+++ Data listing

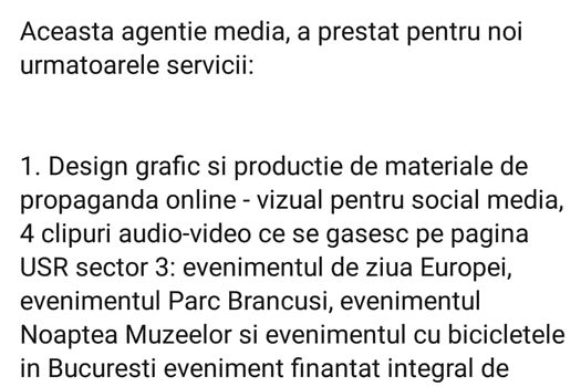 1 Design grafic şi producţie de material de propagandă online -vizual pentru social media, 4 clipuri audio-video ce se găsesc pe pagina USR sector 3: evenimntul de ziua Europei, evenimentul Parc Brâncuşi, evenimentul Noaptea Muzeelor şi evenimentul cu bicicletele în Bucureşti, eveniment finanţat integral de sector 3, la car un participat şi de care au beneficiat toate sectoarele.
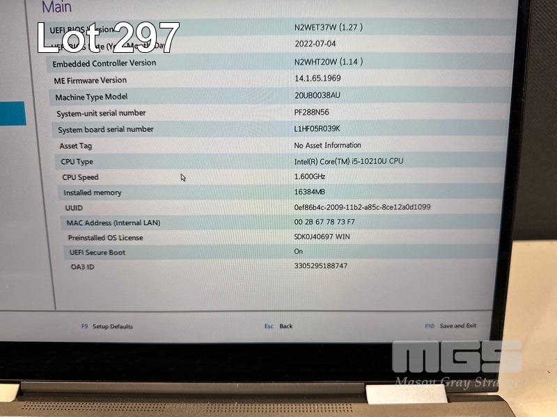 LAPTOP, LENOVO THINKPAD X1 YOGA, TYPE 20UB, CORE i5 10210U (10TH GEN) @ 1.6GHz, 16GB RAM, 256GB NVMe M.2 SSD, 14" TOUCHSCREEN (1920x1080), INTEL UHD GRAPHICS, Wi-Fi, BLUETOOTH, STYLUS, WINDOWS 11 PRO INSTALLED & USB-C POWER SUPPLY (NOTE: MINOR MARKS ON SCREEN) S/N:PF288N56
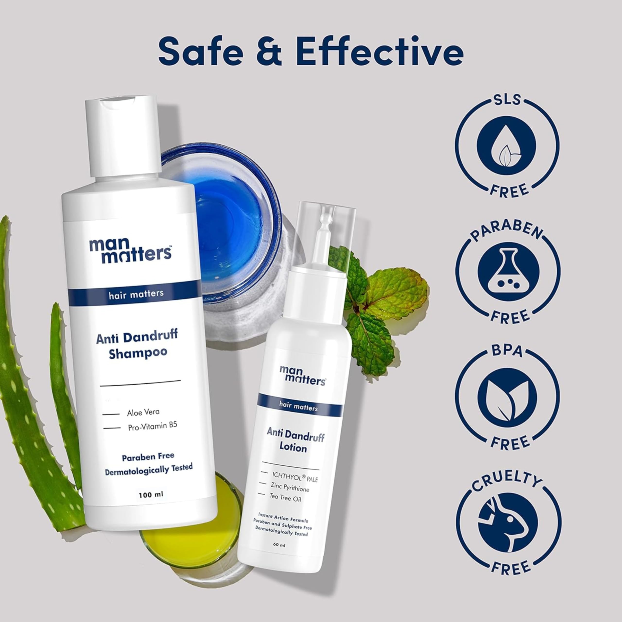 Man Matters Anti Dandruff Shampoo 100ml & Removal Lotion 60ml | Removes Heavy Dandruff Reduces Flakes & Relieves Scalp Irritation | Kit for Stage 2 Dandruff
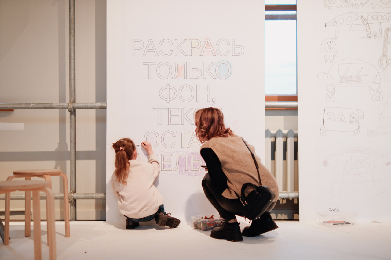Выставка состоит из двух частей. Первая часть — теоретическая, где мы исследуем раскраску и творчество художников, которые в этой сфере работали. Вторая часть — «раскраски про раскраску»: мы подключили детей в Перми и Казани, обсуждали с ними, что такое раскраска, а потом дети рисовали разные изображения, которые мы в процессе выставки будем раскрашивать.
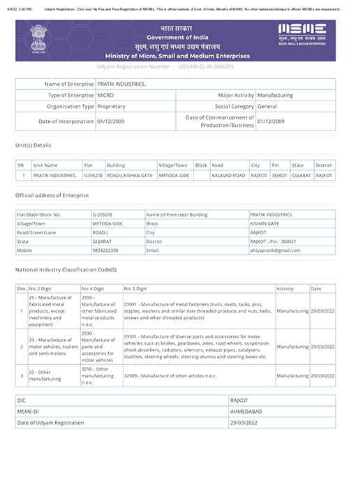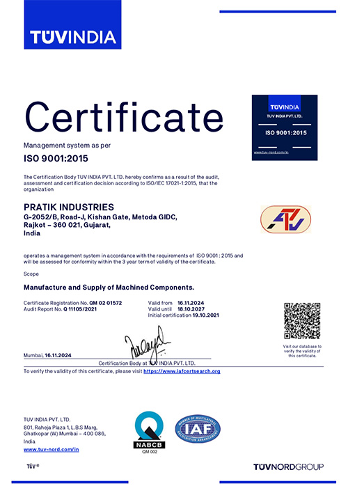 As an ISO 9001:2015 certified company, we ensure strict quality control at every production stage, supported by our skilled and passionate team. From automotive to construction industries, Pratik Industries provides dependable solutions that meet the unique demands of every client.

++++++

What to produce: Each line from the beginning of the entries up to and including the one containing "Выставка состоит из" must be restated exactly. Pictures are to be left out.

Answer box:
 1 Design grafic şi producţie de material de propagandă online -vizual pentru social media, 4 clipuri audio-video ce se găsesc pe pagina USR sector 3: evenimntul de ziua Europei, evenimentul Parc Brâncuşi, evenimentul Noaptea Muzeelor şi evenimentul cu bicicletele în Bucureşti, eveniment finanţat integral de sector 3, la car un participat şi de care au beneficiat toate sectoarele.
 LAPTOP, LENOVO THINKPAD X1 YOGA, TYPE 20UB, CORE i5 10210U (10TH GEN) @ 1.6GHz, 16GB RAM, 256GB NVMe M.2 SSD, 14" TOUCHSCREEN (1920x1080), INTEL UHD GRAPHICS, Wi-Fi, BLUETOOTH, STYLUS, WINDOWS 11 PRO INSTALLED & USB-C POWER SUPPLY (NOTE: MINOR MARKS ON SCREEN) S/N:PF288N56
 Man Matters Anti Dandruff Shampoo 100ml & Removal Lotion 60ml | Removes Heavy Dandruff Reduces Flakes & Relieves Scalp Irritation | Kit for Stage 2 Dandruff
Выставка состоит из двух частей. Первая часть — теоретическая, где мы исследуем раскраску и творчество художников, которые в этой сфере работали. Вторая часть — «раскраски про раскраску»: мы подключили детей в Перми и Казани, обсуждали с ними, что такое раскраска, а потом дети рисовали разные изображения, которые мы в процессе выставки будем раскрашивать.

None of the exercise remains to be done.